◆ Exercise brief: Could you give back exactly the lines below from the one with "Dodávka a montáž" through the one with "Embrace the warmth", without a single picture?
[Given data Boundary: Start]
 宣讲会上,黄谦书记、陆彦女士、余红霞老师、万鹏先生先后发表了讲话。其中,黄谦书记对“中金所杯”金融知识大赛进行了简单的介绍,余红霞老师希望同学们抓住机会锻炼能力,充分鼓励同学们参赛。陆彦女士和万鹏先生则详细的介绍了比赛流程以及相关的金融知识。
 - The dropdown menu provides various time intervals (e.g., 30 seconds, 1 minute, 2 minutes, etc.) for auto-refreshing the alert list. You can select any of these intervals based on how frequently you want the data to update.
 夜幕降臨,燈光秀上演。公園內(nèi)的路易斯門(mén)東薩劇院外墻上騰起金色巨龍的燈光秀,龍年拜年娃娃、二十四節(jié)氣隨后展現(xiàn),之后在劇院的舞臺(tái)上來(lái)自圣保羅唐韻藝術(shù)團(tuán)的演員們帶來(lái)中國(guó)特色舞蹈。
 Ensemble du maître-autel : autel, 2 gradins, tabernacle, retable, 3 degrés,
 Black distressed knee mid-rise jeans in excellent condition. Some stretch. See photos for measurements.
[Given data Boundary: End]
[Given data Boundary: Start]
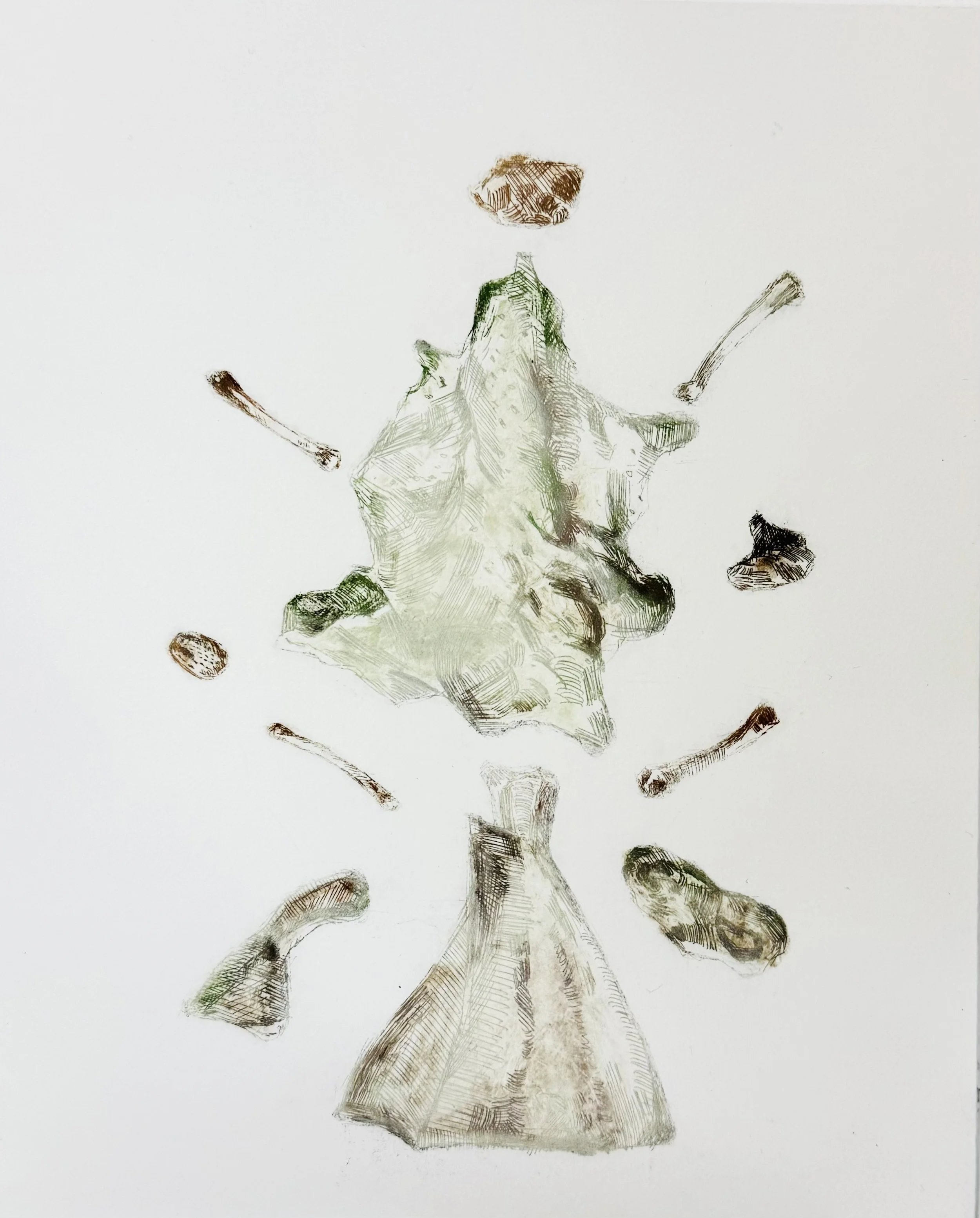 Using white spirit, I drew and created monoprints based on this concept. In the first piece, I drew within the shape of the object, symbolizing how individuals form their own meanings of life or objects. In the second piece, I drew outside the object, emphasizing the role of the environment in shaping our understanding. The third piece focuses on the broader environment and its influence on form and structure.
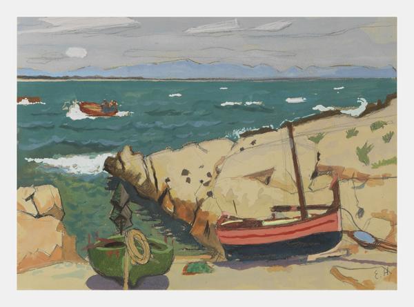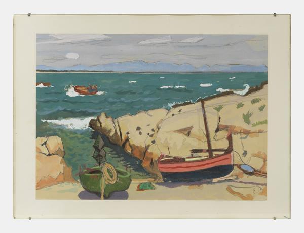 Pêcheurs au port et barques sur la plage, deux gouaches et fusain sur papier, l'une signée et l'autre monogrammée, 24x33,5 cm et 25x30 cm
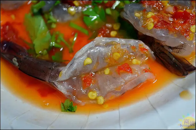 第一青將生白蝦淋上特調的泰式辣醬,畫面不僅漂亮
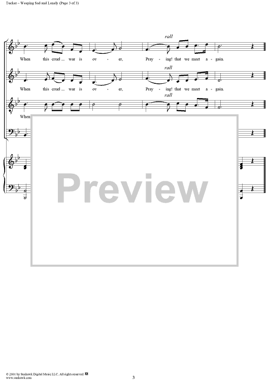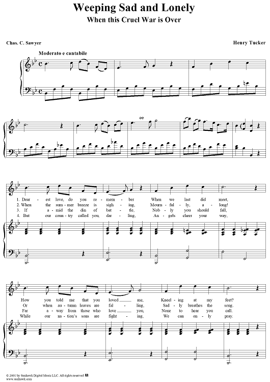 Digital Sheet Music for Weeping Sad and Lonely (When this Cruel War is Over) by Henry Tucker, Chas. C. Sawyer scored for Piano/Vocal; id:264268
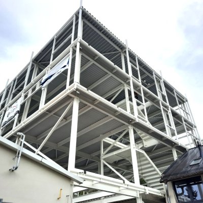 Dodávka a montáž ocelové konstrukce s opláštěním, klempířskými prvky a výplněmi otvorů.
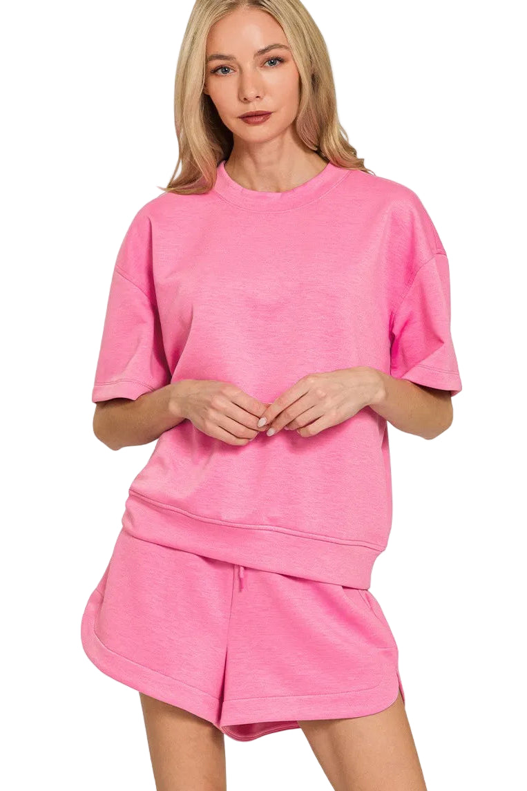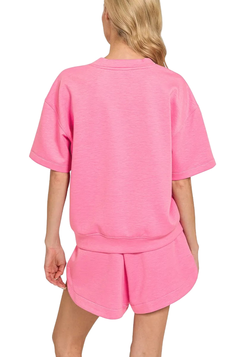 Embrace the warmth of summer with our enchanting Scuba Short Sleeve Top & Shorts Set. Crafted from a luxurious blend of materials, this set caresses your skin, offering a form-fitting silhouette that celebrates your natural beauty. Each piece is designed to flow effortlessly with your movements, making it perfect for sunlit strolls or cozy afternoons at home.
[Given data Boundary: End]
[Given data Boundary: Start]
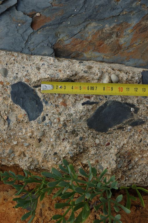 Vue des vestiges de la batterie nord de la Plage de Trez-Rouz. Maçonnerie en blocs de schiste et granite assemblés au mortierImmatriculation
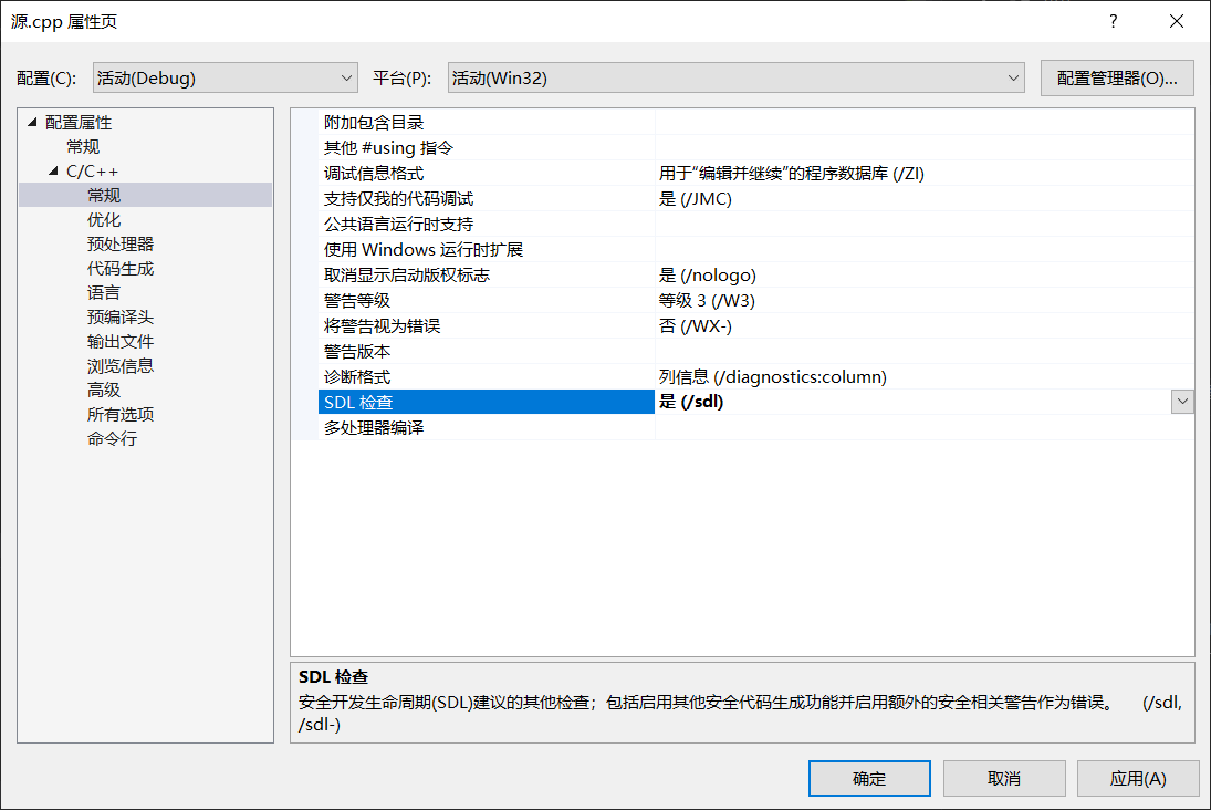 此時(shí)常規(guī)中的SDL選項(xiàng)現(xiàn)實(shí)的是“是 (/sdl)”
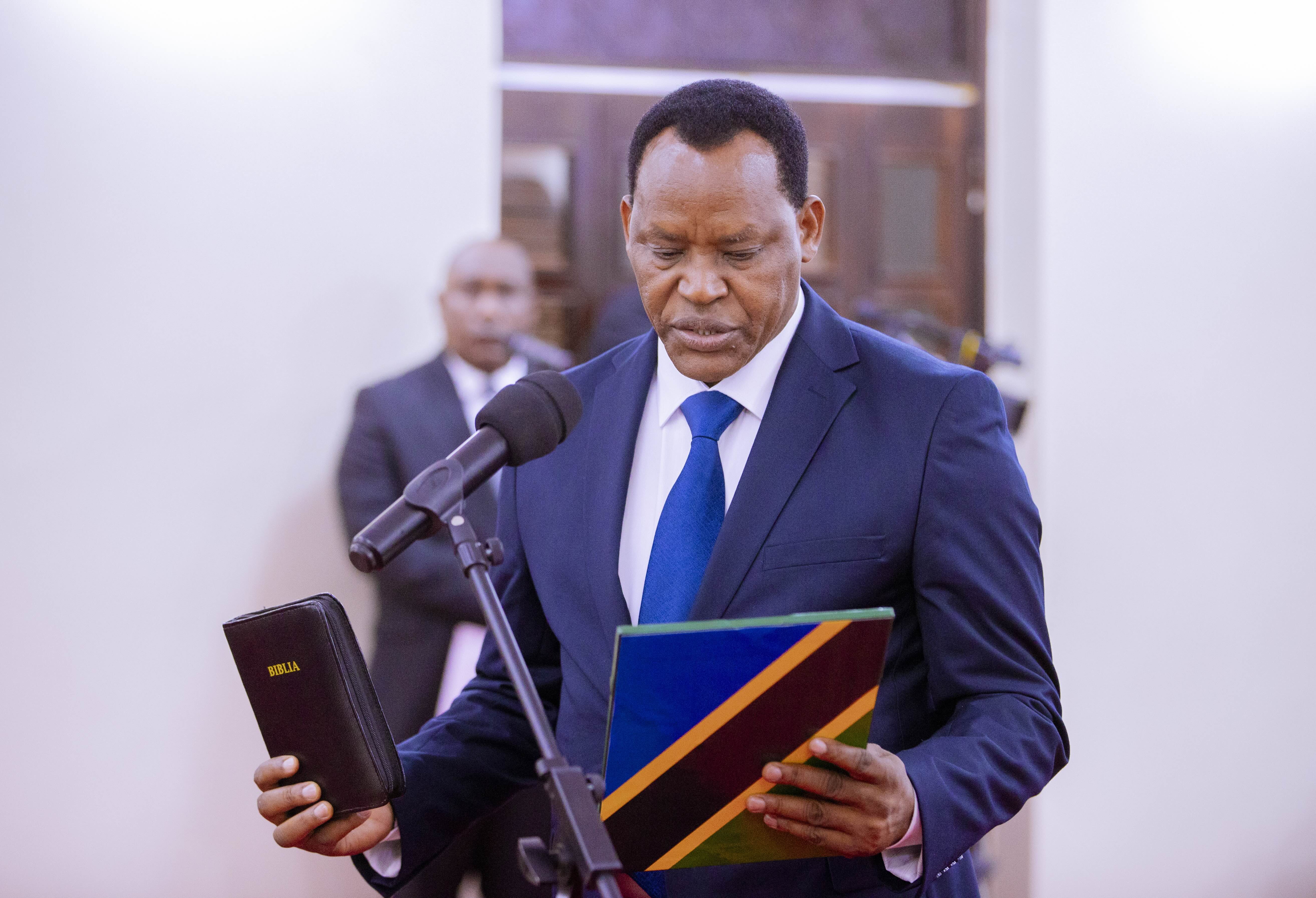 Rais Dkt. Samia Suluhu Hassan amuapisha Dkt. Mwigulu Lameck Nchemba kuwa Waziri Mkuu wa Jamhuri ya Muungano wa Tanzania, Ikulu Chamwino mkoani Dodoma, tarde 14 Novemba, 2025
[Given data Boundary: End]
◆ Reply:
 Dodávka a montáž ocelové konstrukce s opláštěním, klempířskými prvky a výplněmi otvorů.
 Embrace the warmth of summer with our enchanting Scuba Short Sleeve Top & Shorts Set. Crafted from a luxurious blend of materials, this set caresses your skin, offering a form-fitting silhouette that celebrates your natural beauty. Each piece is designed to flow effortlessly with your movements, making it perfect for sunlit strolls or cozy afternoons at home.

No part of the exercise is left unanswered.